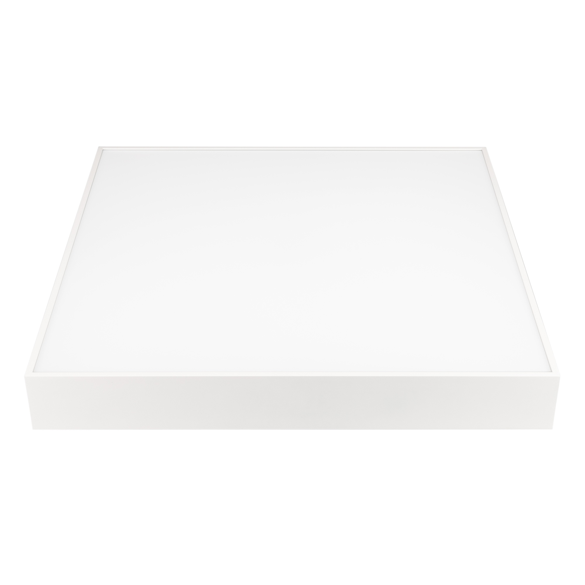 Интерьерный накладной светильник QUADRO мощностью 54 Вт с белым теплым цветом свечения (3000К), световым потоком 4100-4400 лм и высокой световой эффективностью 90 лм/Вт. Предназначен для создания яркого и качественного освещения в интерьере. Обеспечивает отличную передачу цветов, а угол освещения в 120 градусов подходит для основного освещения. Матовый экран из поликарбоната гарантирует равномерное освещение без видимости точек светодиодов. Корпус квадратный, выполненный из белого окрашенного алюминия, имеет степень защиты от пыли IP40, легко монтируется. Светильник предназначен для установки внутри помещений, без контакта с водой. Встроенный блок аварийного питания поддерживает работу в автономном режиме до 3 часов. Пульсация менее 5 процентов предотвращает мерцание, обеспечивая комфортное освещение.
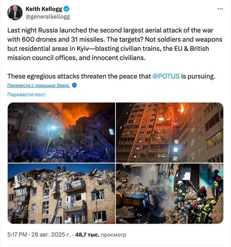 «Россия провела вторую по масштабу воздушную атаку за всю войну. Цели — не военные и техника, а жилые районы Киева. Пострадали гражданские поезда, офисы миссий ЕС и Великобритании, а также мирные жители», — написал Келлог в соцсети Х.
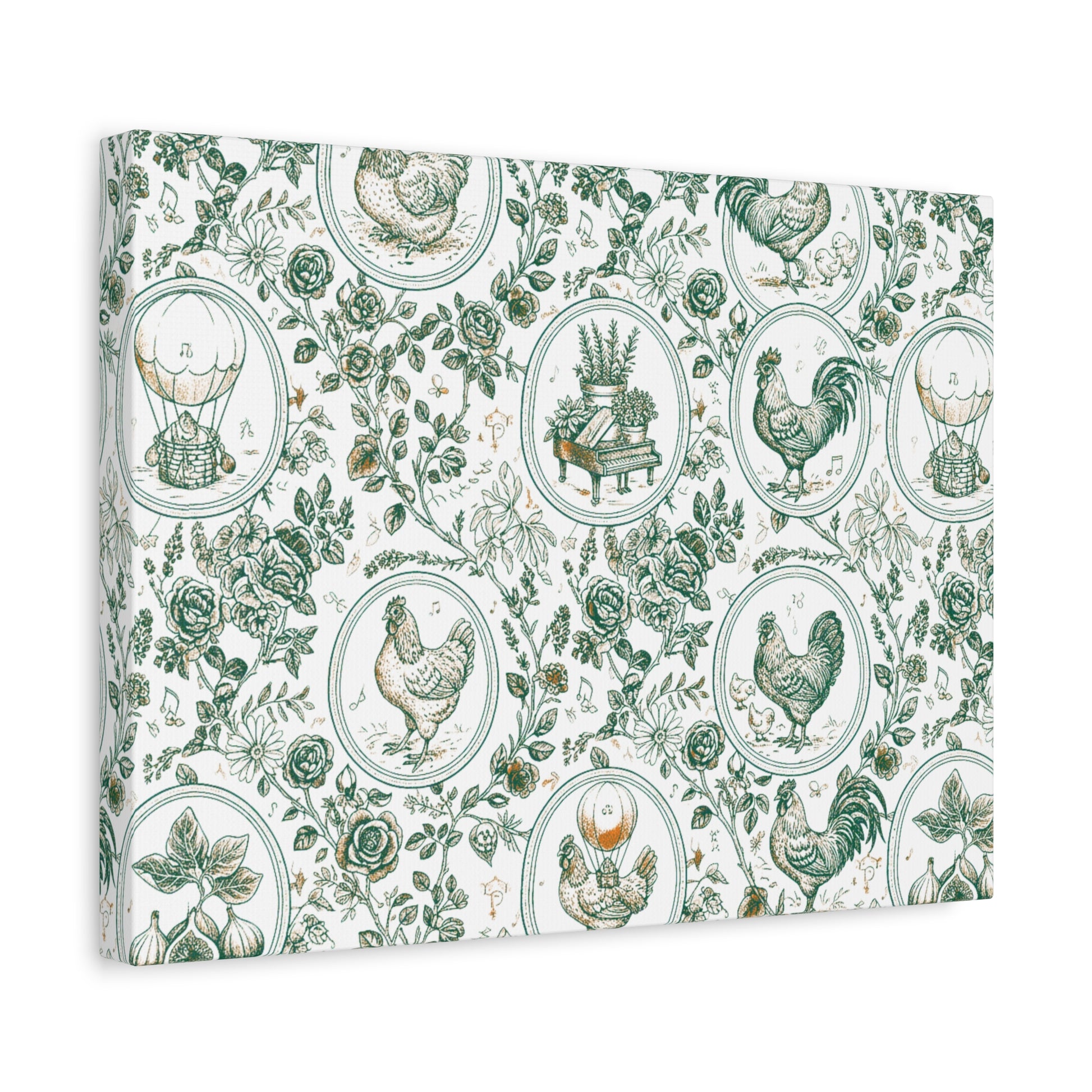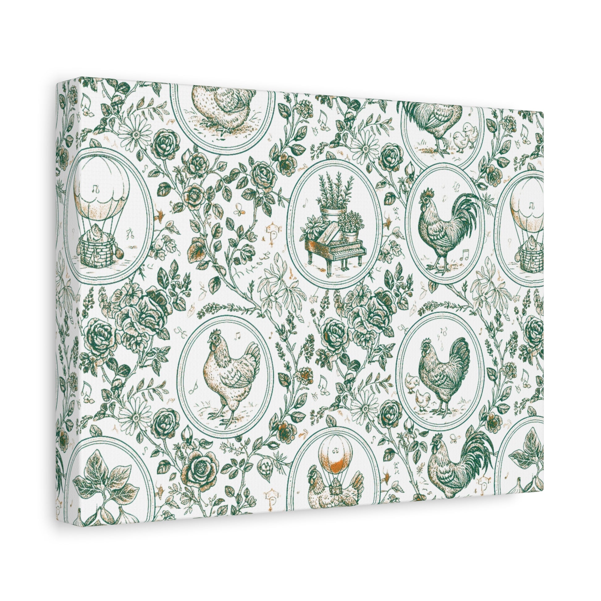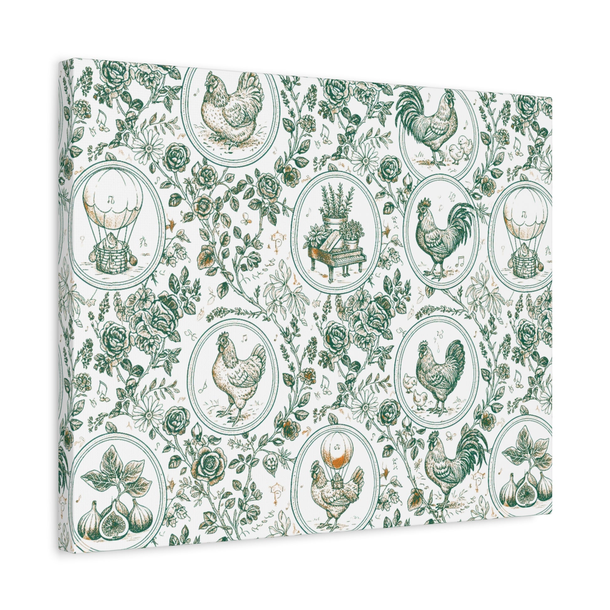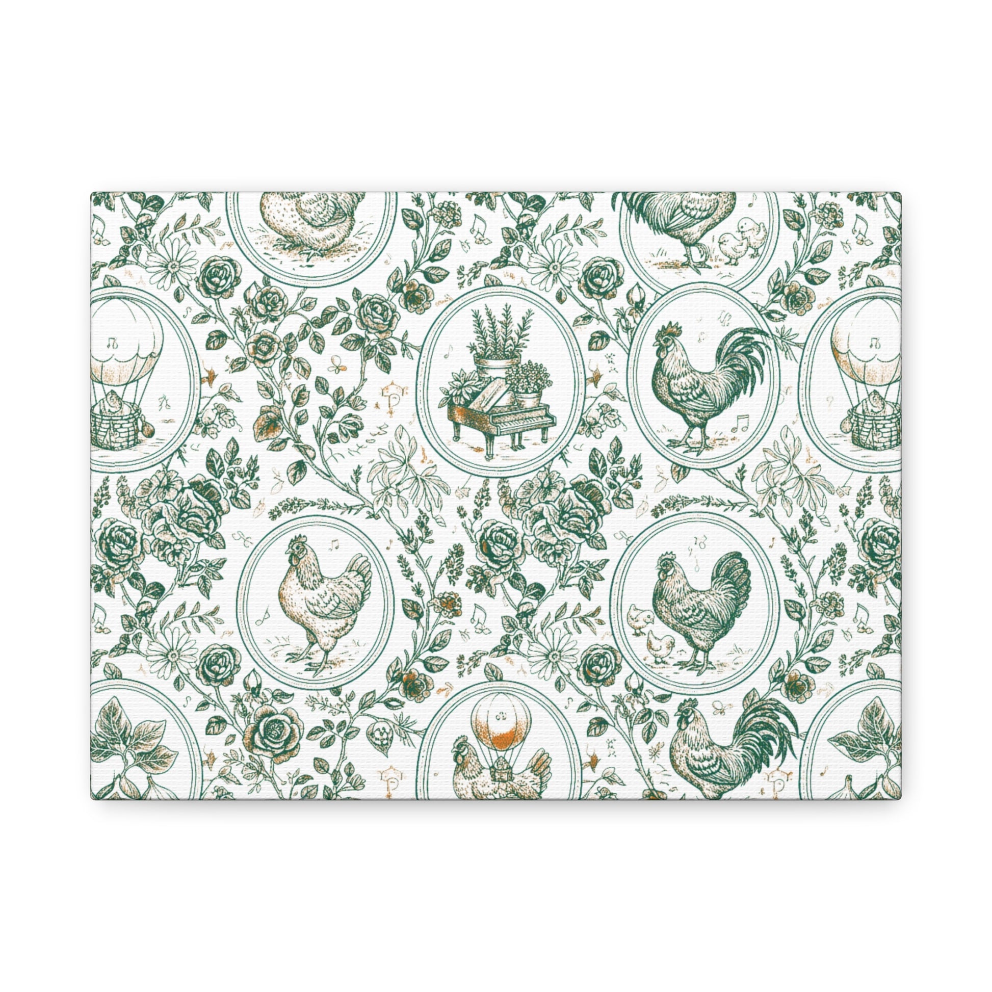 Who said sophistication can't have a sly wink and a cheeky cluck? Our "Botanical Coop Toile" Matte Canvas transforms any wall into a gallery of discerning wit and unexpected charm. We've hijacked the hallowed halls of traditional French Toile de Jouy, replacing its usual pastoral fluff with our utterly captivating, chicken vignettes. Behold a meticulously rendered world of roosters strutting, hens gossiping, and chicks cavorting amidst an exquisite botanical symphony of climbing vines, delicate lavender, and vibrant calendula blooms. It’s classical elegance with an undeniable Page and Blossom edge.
...
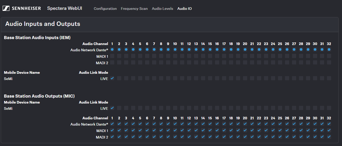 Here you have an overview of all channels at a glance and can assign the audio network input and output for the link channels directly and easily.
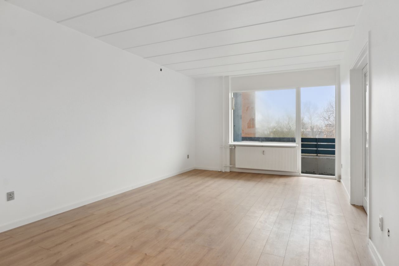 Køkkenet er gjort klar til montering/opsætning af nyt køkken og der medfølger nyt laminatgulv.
---
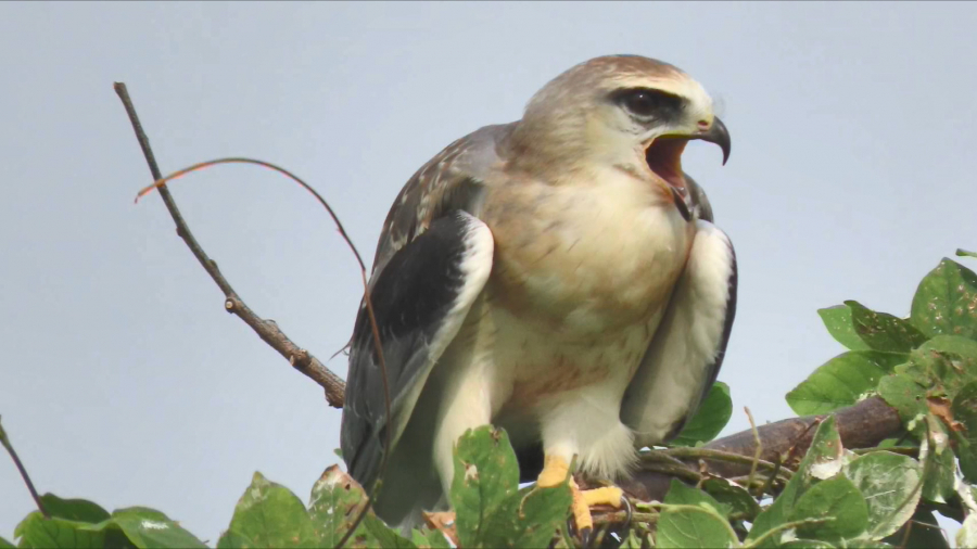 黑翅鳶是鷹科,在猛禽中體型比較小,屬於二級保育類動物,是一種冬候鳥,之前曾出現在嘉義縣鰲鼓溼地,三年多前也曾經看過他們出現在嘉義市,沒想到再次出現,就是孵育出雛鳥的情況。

▶ YOUR INSTRUCTIONS: Pictures do not belong in the answer. Return the lines above starting at the one with "Интерьерный накладной светильник" and ending at the one with "в соцсети Х.", both kept, exactly.

▶ RESULT OF THE TASK:
 Интерьерный накладной светильник QUADRO мощностью 54 Вт с белым теплым цветом свечения (3000К), световым потоком 4100-4400 лм и высокой световой эффективностью 90 лм/Вт. Предназначен для создания яркого и качественного освещения в интерьере. Обеспечивает отличную передачу цветов, а угол освещения в 120 градусов подходит для основного освещения. Матовый экран из поликарбоната гарантирует равномерное освещение без видимости точек светодиодов. Корпус квадратный, выполненный из белого окрашенного алюминия, имеет степень защиты от пыли IP40, легко монтируется. Светильник предназначен для установки внутри помещений, без контакта с водой. Встроенный блок аварийного питания поддерживает работу в автономном режиме до 3 часов. Пульсация менее 5 процентов предотвращает мерцание, обеспечивая комфортное освещение.
 «Россия провела вторую по масштабу воздушную атаку за всю войну. Цели — не военные и техника, а жилые районы Киева. Пострадали гражданские поезда, офисы миссий ЕС и Великобритании, а также мирные жители», — написал Келлог в соцсети Х.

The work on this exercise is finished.